==== DATA RECORDS ====

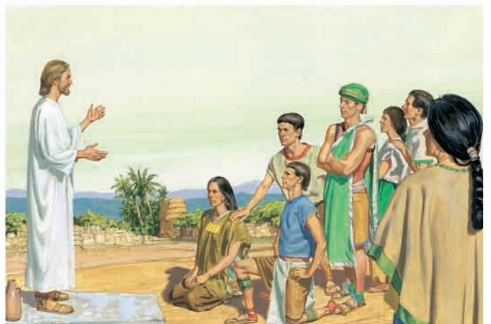
Cristo disse às pessoas que parassem de orar, mas que continuassem orando em seu coração. Em seguida, deu a elas o sacramento. 3 Néfi 20:1–5
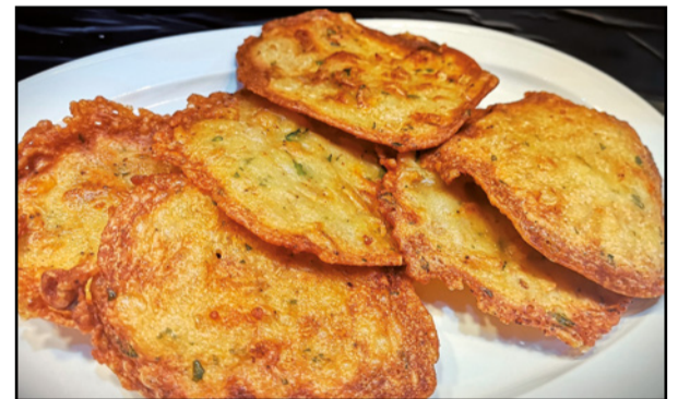
TORTILLITAS DE CAMARONES 13,50 Shrimp "Tortillitas"
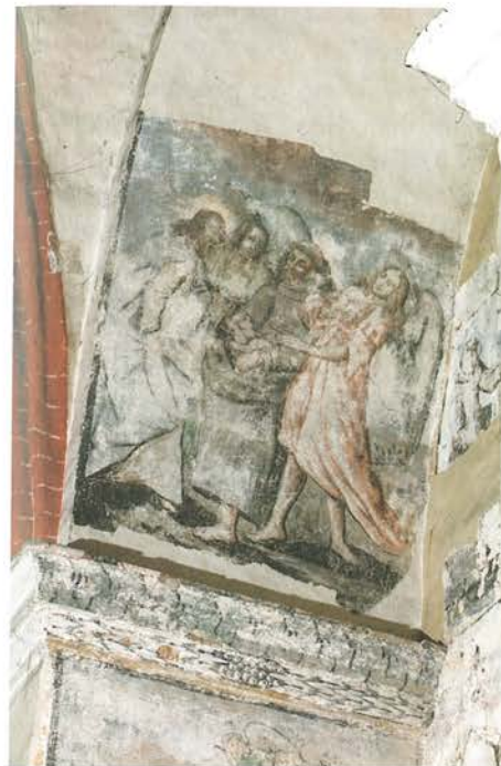
19. Barczewo. Kościół Świętego Andrzeja, kaplica Świętego Franciszka. Odsłonięta w trakcie prac dekoracja malarska ściany północnej korpusu nawowego w arkadzie bocznej kaplicy, związana z istnieniem bractwa tercjarskiego. Scena „Święty Franciszek w drodze do Porcjunkuli w towarzystwie aniołów”.

Pierwszy nowożytny ołtarz pod wezwaniem świętego Franciszka z Asyżu w kościele Bernardynów w Barczewie konsekrowano w 1656 roku. Jego wygląd nie jest dzisiaj znany. Do naszych czasów zachował się jedynie umieszczony w późniejszej nastawie obraz przedstawiający stygmatyzację świętego Franciszka oraz polichromia namalowana na ścianie i filarach wokół ołtarza.
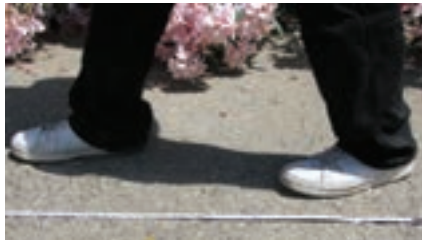
شکل ۲-۲. طول متوسط قدم نقشه بردار
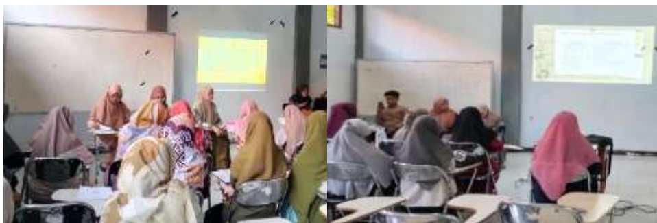
Gambar 2. Dokumentasi kegiatan literasi kultur budaya

Dengan demikian, pendampingan literasi kultur budaya di kampus UNZAH dapat membawa dampak yang positif dalam meningkatkan pemahaman, keterlibatan, dan penghargaan terhadap kultur budaya di kalangan mahasiswa. Hal ini dapat berkontribusi pada pembentukan identitas kultural yang kuat dan mendukung terciptanya lingkungan belajar yang inklusif dan beragam di kampus. Berikut hasil dokumentasi kegiatan literasi kultur budaya terdapat pada gambar berikut.
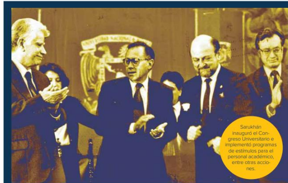
Sarukhán inauguró el Congreso Universitario e implementó programas de estímulos para el personal académico, entre otras acciones.

En su libro Desde el escritorio, el exrector narra como en una reunión con el entonces presidente Carlos Salinas de Gortari, quien le expresó su preocupación por el hecho de que las movilizaciones en contra de las cuotas afectarían el proceso electoral en Michoacán, debió confrontarse con Manuel Camacho Solís, entonces jefe del Departamento del Distrito Federal y quien, asegura, tenía un acuerdo con algunos de los
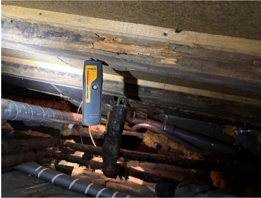
Fuktmätning i torpargrunden.

====

§ **ABOUT THIS EXERCISE**: Set down exactly and only the lines from the line that contains "Gambar 2. Dokumentasi" through the last line of the entries above, with both of those lines included and the pictures left out.

§ **RESPONSE**:
Gambar 2. Dokumentasi kegiatan literasi kultur budaya

Dengan demikian, pendampingan literasi kultur budaya di kampus UNZAH dapat membawa dampak yang positif dalam meningkatkan pemahaman, keterlibatan, dan penghargaan terhadap kultur budaya di kalangan mahasiswa. Hal ini dapat berkontribusi pada pembentukan identitas kultural yang kuat dan mendukung terciptanya lingkungan belajar yang inklusif dan beragam di kampus. Berikut hasil dokumentasi kegiatan literasi kultur budaya terdapat pada gambar berikut.
Sarukhán inauguró el Congreso Universitario e implementó programas de estímulos para el personal académico, entre otras acciones.

En su libro Desde el escritorio, el exrector narra como en una reunión con el entonces presidente Carlos Salinas de Gortari, quien le expresó su preocupación por el hecho de que las movilizaciones en contra de las cuotas afectarían el proceso electoral en Michoacán, debió confrontarse con Manuel Camacho Solís, entonces jefe del Departamento del Distrito Federal y quien, asegura, tenía un acuerdo con algunos de los
Fuktmätning i torpargrunden.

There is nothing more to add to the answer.